Advancing Prion Science: Guidance for the National Prion Research Program: Interim Report (2003)

U.S. forces are continually deploying around the globe. On December 31, 2001, 255,065 U.S. forces were deployed to 144 countries outside the United States (DOD Almanac, 2002), including several countries where bovine spongiform encephalopathy (BSE) has been reported and where variant Creutzfeldt-Jakob disease (vCJD) subsequently occurred. In addition, U.S. forces are frequently accompanied by their families when they are deployed on non-combat missions over an extended period. As a result, U.S. military personnel and their families deployed to countries where BSE had been reported were at increased risk of exposure to BSE-contaminated food products for several years starting in the early 1980s.

Likewise, deployed U.S. military personnel may receive blood transfusions if they are injured in combat or under other circumstances. These two factors, exposure to BSE-contaminated food and exposure to BSE-contaminated blood products, constitute the focus of this chapter.

Specifically, how much risk of exposure to BSE do U.S. forces face? Under what circumstances would that risk occur? Additionally, if a member of the U.S. forces is being treated for trauma with a blood transfusion, how much risk is there that prions are in the transfused blood? This chapter explores both sets of conditions and comments on the nature and extent of the risks.

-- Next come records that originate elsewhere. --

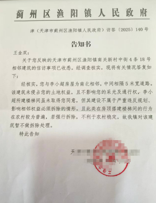 作为亲身经历者,我不得不对蓟州区渔阳镇有关部门发出质问:当合法翻建申请被拒,而无证违建却拔地而起;当三次信访换来复制粘贴的回复;当“不严重影响规划”成为违建的护身符——这究竟是政策执行偏差,还是对法治的公然藐视?
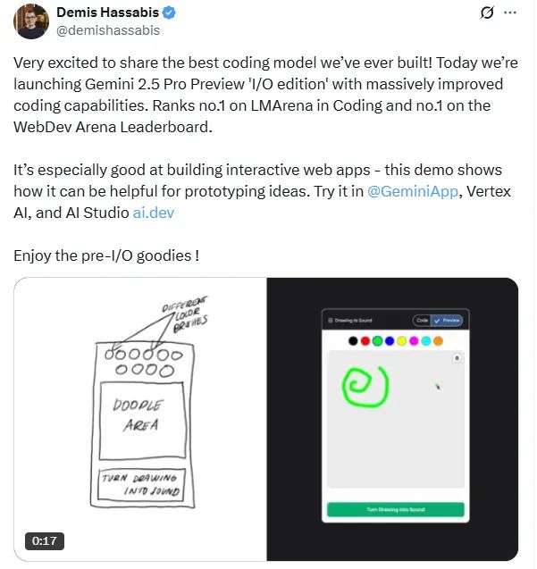 凭借其在代码生成与多模态输入方面的优势,Gemini 2.5 Pro不再仅是技术实验室中的“研究模型”,而是正在成为应对真实开发挑战的实用工具。此次提前发布也表明,DeepMind有意借此响应市场需求,在 I/O大会前持续保持技术领先势头。
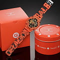 Ярко-оранжевый ударопрочный корпусУдаропрочный корпусМеханизм заключён в корпус, выполненный из современных материалов, устойчивых к ударам, механическим повреждениям и падению с высоты: инновационный пластик, карбон, нержавеющая сталь, титан. с узором выполнен из пластика и стали 316L. Японский кварцевый калибр отличается высокой точностью хода. Часы устойчивы к вредному воздействию магнитного поля. Прочное минеральное стекло защищает циферблат от повреждений. Сохраняется водостойкость до 20 бар. Функции: светодиодная подсветкаСветодиодная подсветкаСветодиодная или LED-подсветка обеспечивает появление яркого холодного свечения за счёт LED-элементов - маленьких лампочек. Они потребляют минимальное количество энергии, чаще всего можно встретить 1 светодиод, в нижней части циферблата., таймер, расчёт средней скорости пути, секундомер, мировое времяМировое время Полезное часовое усложнение, отображающее время в основных городах и известных областях по всему миру, оно связано с часовыми поясами, удобно для путешественников и бизнесменов. , календарь.
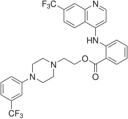- ^ a b Manoury PM, Dumas AP, Najer H, Branceni D, Prouteau M, Lefevre-Borg FM (May 1979). "Synthesis and analgesic activities of some (4-substituted phenyl-1-piperazinyl)alkyl 2-aminobenzoates and 2-aminonicotinates". Journal of Medicinal Chemistry. 22 (5): 554–9. doi:10.1021/jm00191a017. PMID 458805.
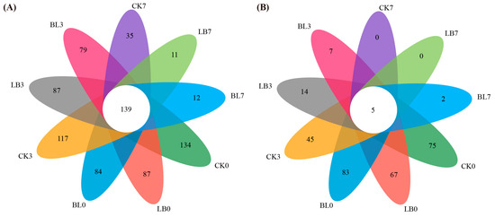 Venn diagram of bacterial (A) and fungal (B) OTUs in silage during aerobic exposure. CK0, CK3, and CK7 represent silage not inoculated at 0 d, 3 d, and 7 d of the aerobic exposure stage, respectively; LB0, LB3, and LB7 represent silage inoculated with Lactobacillus buchneri at 0 d, 3 d, and 7 d of the aerobic exposure stage, respectively; BL0, BL3, and BL7 represent silage inoculated with Bacillus licheniformis at 0 d, 3 d, and 7 d of the aerobic exposure stage, respectively.

To assess the military's risk of exposure to BSE-tainted beef products, a brief description of how food is supplied to military personnel is appropriate. All beef products supplied to U.S. forces come from approved suppliers. The forces receive a majority of their food, including beef and beef products, from U.S. producers. Food is prepared and prepackaged in a variety of ration sets served during training or combat operations. Some meals are served fresh, and regulations dictate that vendors selling food destined for troops be closely inspected and regulated.¹

Commanders of U.S. military units have the authority to purchase food products locally, including beef. A commander might authorize this if his or her troops had been eating pre-prepared rations for an extended period of time to offer variety and to maintain high morale. In that circumstance, if local beef was purchased in a country where BSE had been reported, the troops would be at risk of exposure to BSE. This practice of procurement of local beef, however, is the exception rather than the rule. Current policy prohibits the purchase of beef from a country reporting cases of BSE, but it does not prohibit the purchase of beef from other countries, so long as the source is approved by the U.S. Department of Defense (DOD) Veterinary Services. Some of this beef was purchased from the United Kingdom, Italy, Germany, and Japan before it was recognized as potentially being infected with the BSE agent.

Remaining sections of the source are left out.